Saturday, August 13, 2022

Should the referee’s decision really be final?

When referee Julius Uyapo gave striker Onalethata Tshekiso of Rollers his marching orders, for taking off his jersey in celebration and for reportedly making a provocative gesture, it sparked fresh demands for a review.

The incident, which occurred last weekend in Molepolole when Rollers beat BMC 1-0, stirred controversy as many people who watched the game claimed it should have been a caution instead and that the red card was a mistake.
The referee’s match report reiterates the decision was correct. According to the match report, in addition to taking off his jersey, Tshekiso raised a middle finger to the opposition fans and, for that, he was shown a straight red card.

The fourth official and assistant referee are also said to have seen the player making the gesture and backed Uyapo’s decision.

Reports say that immediately after the game, Uyapo admitted to having made a mistake. This has brought about complaints that, owing to the absence of a review structure from the referee’s committee, referees might do things as they wish knowing that their decisions are binding.

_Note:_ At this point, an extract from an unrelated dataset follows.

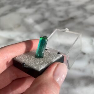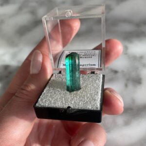 Ces spécimens uniques, tels que ce spécimen d’elbaite Indicolite Tourmaline Bleue de Lagoa de Malva, Brésil, sont sélectionnés à la main pour la qualité de leurs caractéristiques et présentent un intérêt pour des raisons esthétiques, scientifiques ou historiques. Les collectionneurs sont invités à nous contacter pour des opportunités d’achats privé. Nous aimons garder à l’esprit les demandes spéciales de nos clients lors de l’acquisition de nos spécimens.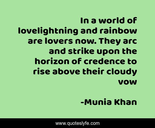 This page presents the quote "In a world of lovelightning and rainbow are lovers now. They arc and strike upon the horizon of credence to rise above their cloudy vow". Author of this quote is Munia Khan. This quote is about rainbow, cloudy-day, love, horizon, striking, arcing, light-and-darkness, rise, upon,.

The Secretary of the Referee’s Committee, Marvelous Shaengarae, said people may have concentrated too much on the taking off of the jersey and obviously did not see the other offence. He explained that it’s customary that, in the event a player commits two or more fouls simultaneously, he can be sent out.
Shaengarae said Law 12 of play Rules and Regulations further says that if in the opinion of the referee, a player utters offensive language or makes a provocative gesture he is given a red card.

Shaengarae said that they are, therefore, inclined to believe what the referee’s match report says as they have confidence in the caliber of their referees.

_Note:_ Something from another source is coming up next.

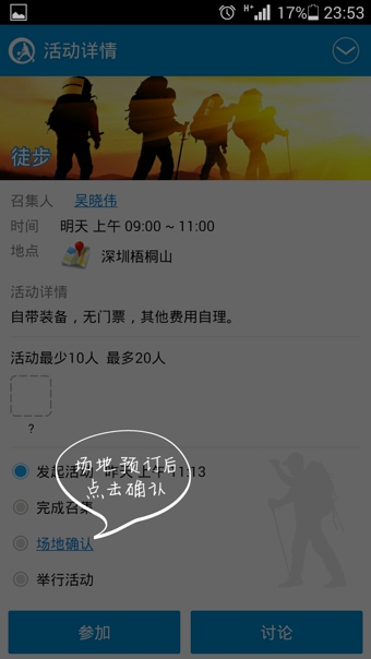 约球会安卓版是一款安卓手机的运动社交软件,这款软件不是说约你去看球或者看比赛什么的,而是召集一些小伙伴一起运动,比方说你可以设定打篮球这个活动,然后看看周边有没有一起来的。

He, however, said that if they find a clear fault or incompetence with the referee, they usually allocate them lighter games.

He added that the other thing they do is to rehabilitate the referees.
“In the event that a referee concedes to having made a mistake and stated in the match report, nothing can be done to correct the decision, unless if maybe with the disciplinary or the executive committees such a decision may be reached. However, so far, there has not been any decision reversed even in previous incidents where it was clear a referee had made a mistake. There is currently no committee that is responsible for a review and reversal of faulty referee decisions and if there was to be any, it has to be done directly by the Botswana Football Association (BFA).”

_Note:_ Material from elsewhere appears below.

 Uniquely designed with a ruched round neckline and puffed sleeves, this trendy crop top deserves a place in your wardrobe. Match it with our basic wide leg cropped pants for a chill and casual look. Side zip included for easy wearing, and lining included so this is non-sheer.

Tebogo Sebego, the BFA legal Advisor, said he sees no problem with a review of referee’s decision, especially when there is the benefit of video clips as is the case with the Tshekiso incident. He revealed that video clips have in the past been used for televised games to make reviews, citing a match between Boteti and Gunners in which video clips were used as aids and subsequent to that some players were slapped with bans for inciting supporters.

“In my own personal opinion, even if it is often said that a referee’s decision is final, we must understand that they are also human and are not exempt from making mistakes. The decision can be changed, especially when the decision is one that will not change the result of the game,” he opined.